The task | Every record that follows should be written out word for word; the pictures stay out.
☆ ☆ ☆ ☆ ☆
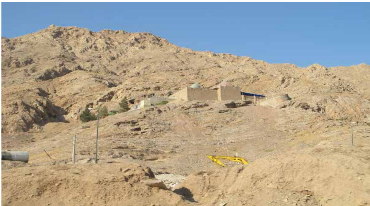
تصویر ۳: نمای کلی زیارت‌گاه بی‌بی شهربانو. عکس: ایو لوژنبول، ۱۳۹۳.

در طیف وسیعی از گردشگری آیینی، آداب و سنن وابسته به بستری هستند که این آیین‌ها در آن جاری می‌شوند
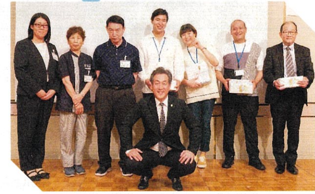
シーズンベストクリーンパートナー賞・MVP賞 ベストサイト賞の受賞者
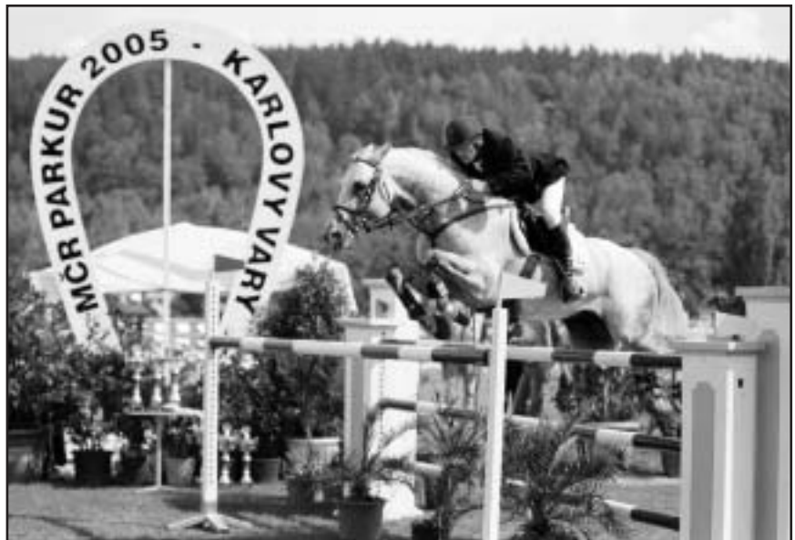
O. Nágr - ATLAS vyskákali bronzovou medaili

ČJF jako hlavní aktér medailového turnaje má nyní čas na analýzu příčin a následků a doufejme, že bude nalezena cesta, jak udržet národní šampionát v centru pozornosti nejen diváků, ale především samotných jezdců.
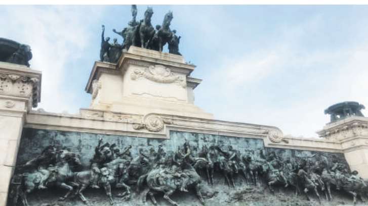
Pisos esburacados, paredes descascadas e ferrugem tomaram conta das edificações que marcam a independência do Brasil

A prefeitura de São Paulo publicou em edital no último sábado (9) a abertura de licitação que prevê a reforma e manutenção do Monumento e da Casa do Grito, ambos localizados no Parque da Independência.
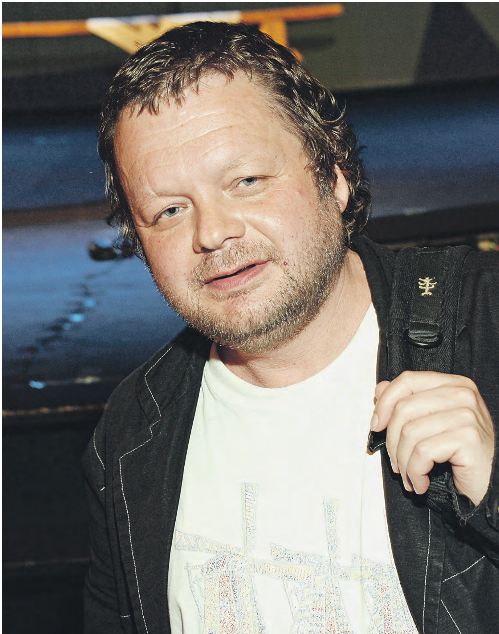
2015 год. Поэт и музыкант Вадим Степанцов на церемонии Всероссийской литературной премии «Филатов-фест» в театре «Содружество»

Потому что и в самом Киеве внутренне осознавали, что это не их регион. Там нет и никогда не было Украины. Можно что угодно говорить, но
☆ ☆ ☆ ☆ ☆
Exercise solution |
تصویر ۳: نمای کلی زیارت‌گاه بی‌بی شهربانو. عکس: ایو لوژنبول، ۱۳۹۳.

در طیف وسیعی از گردشگری آیینی، آداب و سنن وابسته به بستری هستند که این آیین‌ها در آن جاری می‌شوند
シーズンベストクリーンパートナー賞・MVP賞 ベストサイト賞の受賞者
O. Nágr - ATLAS vyskákali bronzovou medaili

ČJF jako hlavní aktér medailového turnaje má nyní čas na analýzu příčin a následků a doufejme, že bude nalezena cesta, jak udržet národní šampionát v centru pozornosti nejen diváků, ale především samotných jezdců.
Pisos esburacados, paredes descascadas e ferrugem tomaram conta das edificações que marcam a independência do Brasil

A prefeitura de São Paulo publicou em edital no último sábado (9) a abertura de licitação que prevê a reforma e manutenção do Monumento e da Casa do Grito, ambos localizados no Parque da Independência.
2015 год. Поэт и музыкант Вадим Степанцов на церемонии Всероссийской литературной премии «Филатов-фест» в театре «Содружество»

Потому что и в самом Киеве внутренне осознавали, что это не их регион. Там нет и никогда не было Украины. Можно что угодно говорить, но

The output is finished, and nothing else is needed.